_WHAT YOU HAVE TO DO_. Using the material below, return exactly the lines between the one holding "Italia-Schnitzel Zutaten 4" and the one holding "Digital Sheet Music", inclusive, and no others.

_DATASET ENTRIES_.
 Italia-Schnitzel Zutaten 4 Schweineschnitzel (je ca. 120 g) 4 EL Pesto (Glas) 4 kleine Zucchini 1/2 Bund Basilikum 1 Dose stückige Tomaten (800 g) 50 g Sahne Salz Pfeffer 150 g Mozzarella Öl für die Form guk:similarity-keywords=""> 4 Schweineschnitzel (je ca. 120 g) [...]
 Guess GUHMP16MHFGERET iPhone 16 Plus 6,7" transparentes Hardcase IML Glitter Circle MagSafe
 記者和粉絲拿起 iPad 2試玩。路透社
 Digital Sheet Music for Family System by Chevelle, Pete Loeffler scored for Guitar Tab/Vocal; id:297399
---
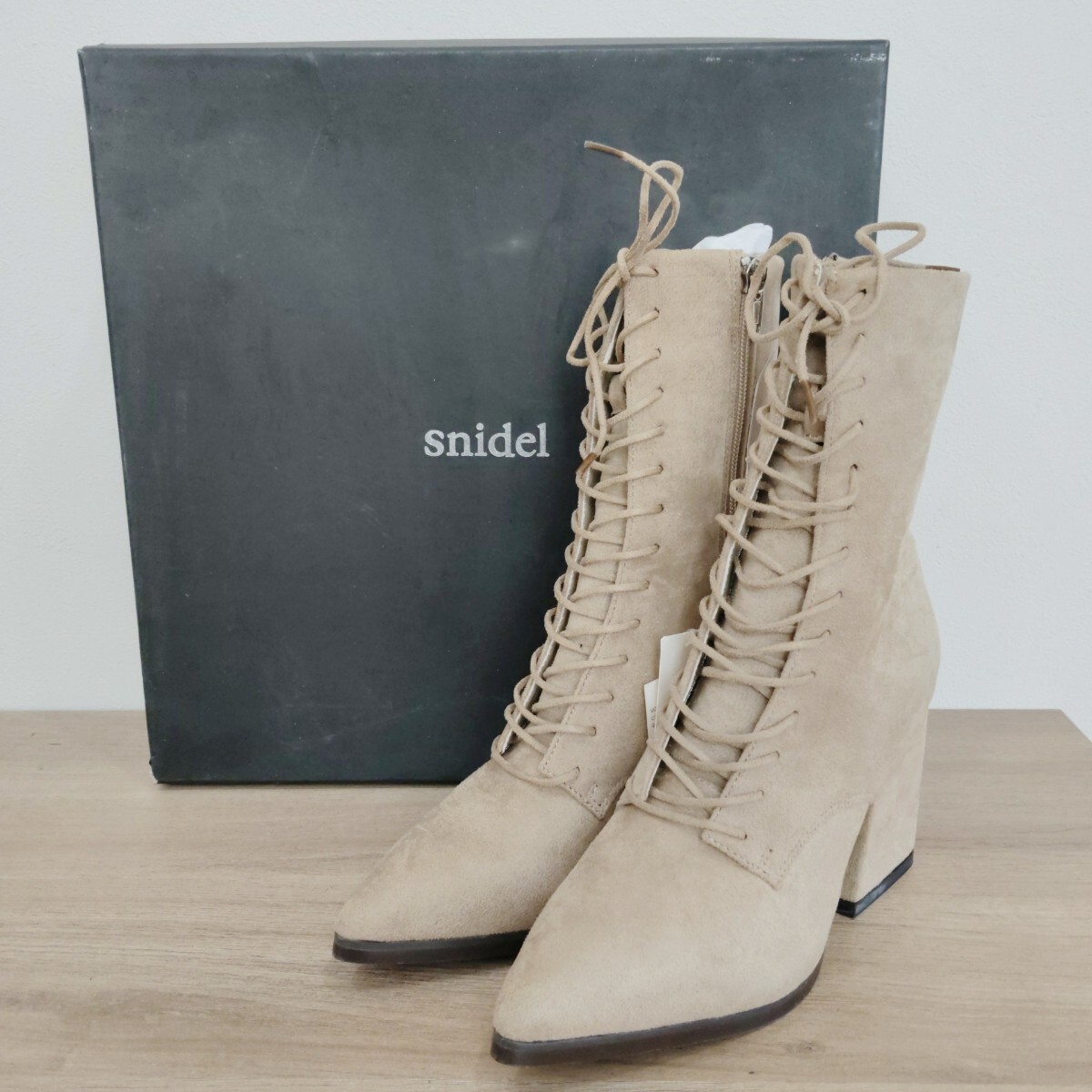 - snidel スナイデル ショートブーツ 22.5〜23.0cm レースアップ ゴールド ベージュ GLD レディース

_EXERCISE OUTPUT_.
 Italia-Schnitzel Zutaten 4 Schweineschnitzel (je ca. 120 g) 4 EL Pesto (Glas) 4 kleine Zucchini 1/2 Bund Basilikum 1 Dose stückige Tomaten (800 g) 50 g Sahne Salz Pfeffer 150 g Mozzarella Öl für die Form guk:similarity-keywords=""> 4 Schweineschnitzel (je ca. 120 g) [...]
 Guess GUHMP16MHFGERET iPhone 16 Plus 6,7" transparentes Hardcase IML Glitter Circle MagSafe
 記者和粉絲拿起 iPad 2試玩。路透社
 Digital Sheet Music for Family System by Chevelle, Pete Loeffler scored for Guitar Tab/Vocal; id:297399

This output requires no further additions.